## Aim of the exercise
The reply should repeat all of the data word for word, with no pictures.

## Provided material

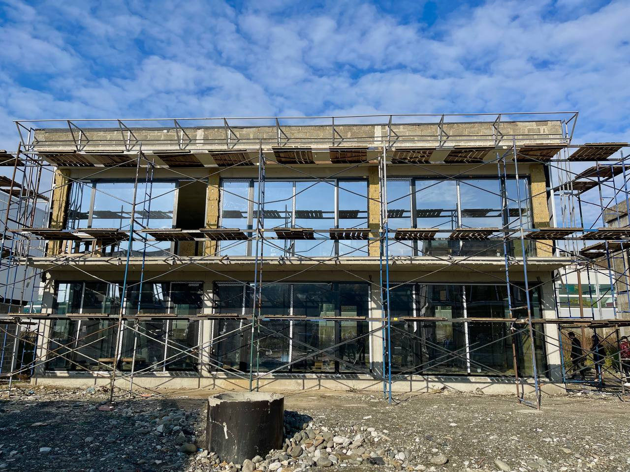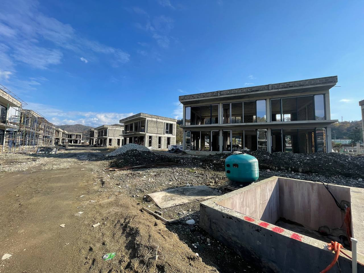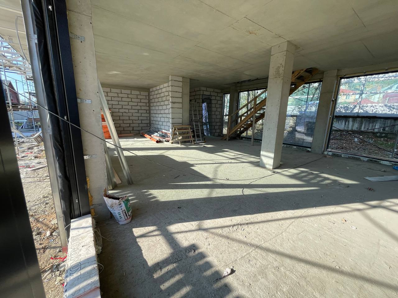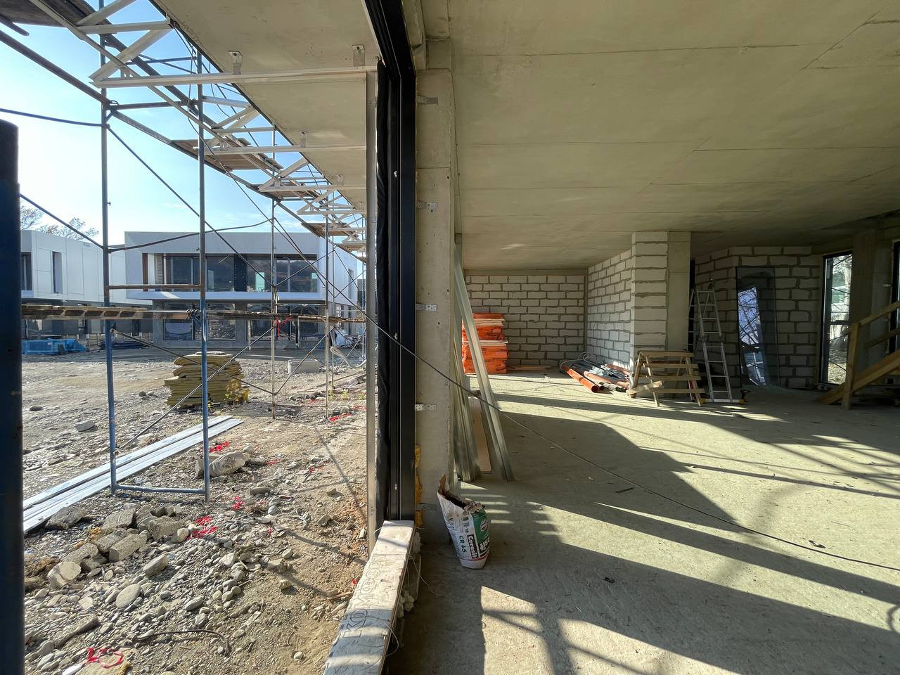 Конструктивные части здания выполнены по всем требованиям проектирования для сейсмических районов: фундамент — сваи/монолитная плита, несущая система здания - ж/б каркас, заполнение стен — керамзитоблок. Все стены дома по периметру утеплены фасадной базальтовой ватой, армированной ПВХ сеткой, с последующей отделкой декоративной штукатуркой "короед". Проводилась фотосъемка всех этапов строительства, в том числе важных конструктивных узлов здания.
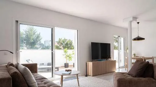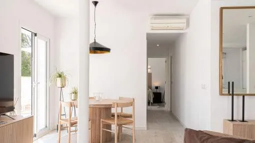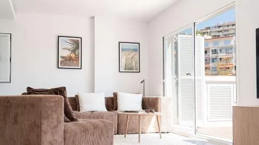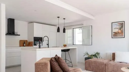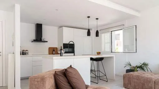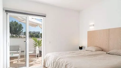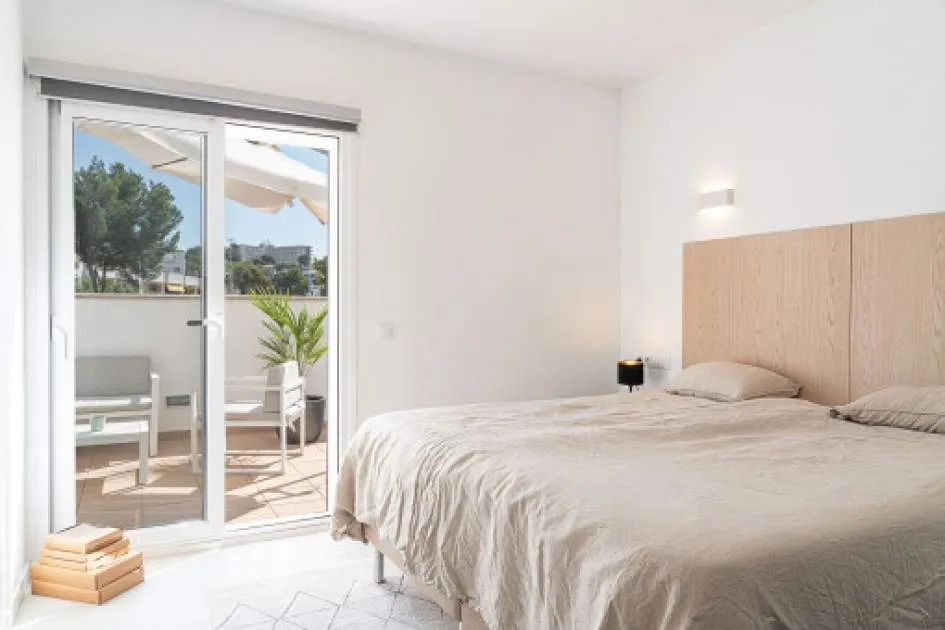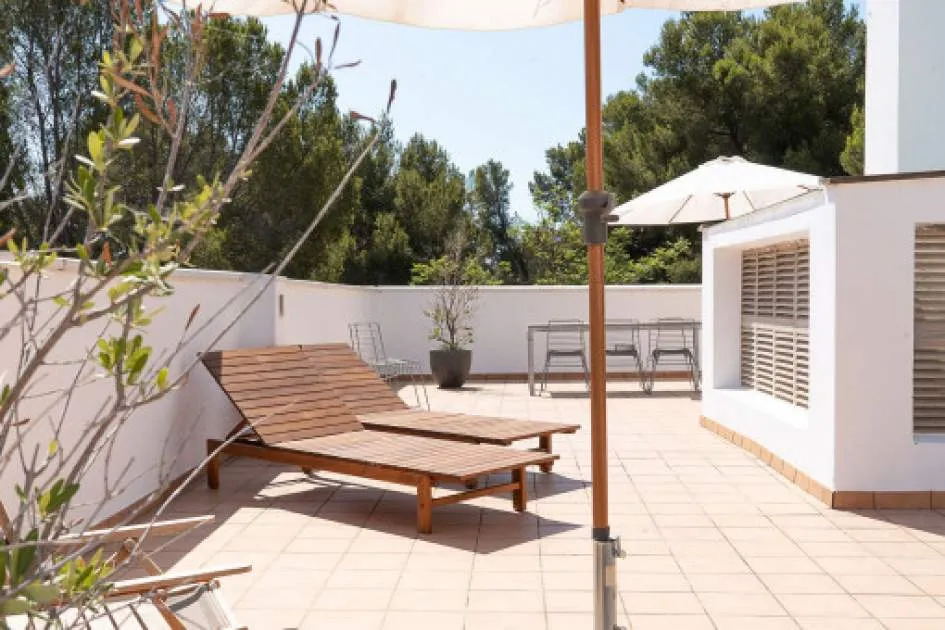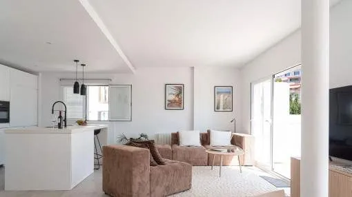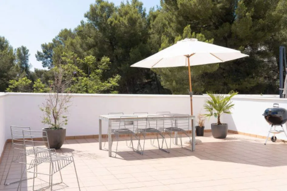Details: In the middle of San Agustín, a quiet and mature residential area of Palma, lies this newly renovated penthouse in a well-kept, small building with only 3 floors. The location combines privacy and proximity to the sea - the beach is just a few minutes' walk away. A particular highlight is the spacious outdoor area: directly on the living level, a sunny terrace of approx. 40 m² extends across the entire width of the apartment. In addition, the private, approx. 84 m² roof terrace invites you to spend relaxing hours with plenty of privacy and far-reaching views. The apartment offers approx. 98 m² of interior design space and boasts an open, light-flooded floor plan. The living and dining area flows seamlessly into the modern kitchen. Two bedrooms with space for double beds and 2 bathrooms - one of which is en suite - create a comfortable living ambience. Features include air conditioning, water filter system, elevator and a spacious garage parking space. A communal pool area rounds off this attractive offer. Location & surrounding area: In the coastal area of San Agustin you will feel as if you are on holiday the whole year round. Situated next to Cala Mayor its wonderful location on the Mediterranean is only 15 minutes by car from Mallorca's capital. This quiet area attracts both tourists and local residents who work in the surrounding areas due to its excellent connections to the town of Palma, the airport and the south-west of the island. All amenities can be found here and include the popular minimalist Zhero, good fitness studios, diverse shops and a pharmacy. In addition it has all kinds of restaurants with local and international dishes, all offering wonderful views of the sea. Also close by is the Club Nautico de Cala Nova, famous for its sailing and kite-surfing courses. San Agustin consists mainly of residential buildings most of which provide good views of the Mediterranean due to the elevated location of the area. Most of the apartments also have a communal pool and gardens.
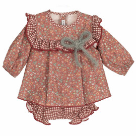 Jesusito de bebé en tono terracota con estampado floral, detalles de cuadros y lazo suave, acompañado de braguita a juego para un estilo cálido, cómodo y muy combinable en el día a día.

## Finished exercise
 Конструктивные части здания выполнены по всем требованиям проектирования для сейсмических районов: фундамент — сваи/монолитная плита, несущая система здания - ж/б каркас, заполнение стен — керамзитоблок. Все стены дома по периметру утеплены фасадной базальтовой ватой, армированной ПВХ сеткой, с последующей отделкой декоративной штукатуркой "короед". Проводилась фотосъемка всех этапов строительства, в том числе важных конструктивных узлов здания.
Details: In the middle of San Agustín, a quiet and mature residential area of Palma, lies this newly renovated penthouse in a well-kept, small building with only 3 floors. The location combines privacy and proximity to the sea - the beach is just a few minutes' walk away. A particular highlight is the spacious outdoor area: directly on the living level, a sunny terrace of approx. 40 m² extends across the entire width of the apartment. In addition, the private, approx. 84 m² roof terrace invites you to spend relaxing hours with plenty of privacy and far-reaching views. The apartment offers approx. 98 m² of interior design space and boasts an open, light-flooded floor plan. The living and dining area flows seamlessly into the modern kitchen. Two bedrooms with space for double beds and 2 bathrooms - one of which is en suite - create a comfortable living ambience. Features include air conditioning, water filter system, elevator and a spacious garage parking space. A communal pool area rounds off this attractive offer. Location & surrounding area: In the coastal area of San Agustin you will feel as if you are on holiday the whole year round. Situated next to Cala Mayor its wonderful location on the Mediterranean is only 15 minutes by car from Mallorca's capital. This quiet area attracts both tourists and local residents who work in the surrounding areas due to its excellent connections to the town of Palma, the airport and the south-west of the island. All amenities can be found here and include the popular minimalist Zhero, good fitness studios, diverse shops and a pharmacy. In addition it has all kinds of restaurants with local and international dishes, all offering wonderful views of the sea. Also close by is the Club Nautico de Cala Nova, famous for its sailing and kite-surfing courses. San Agustin consists mainly of residential buildings most of which provide good views of the Mediterranean due to the elevated location of the area. Most of the apartments also have a communal pool and gardens.
 Jesusito de bebé en tono terracota con estampado floral, detalles de cuadros y lazo suave, acompañado de braguita a juego para un estilo cálido, cómodo y muy combinable en el día a día.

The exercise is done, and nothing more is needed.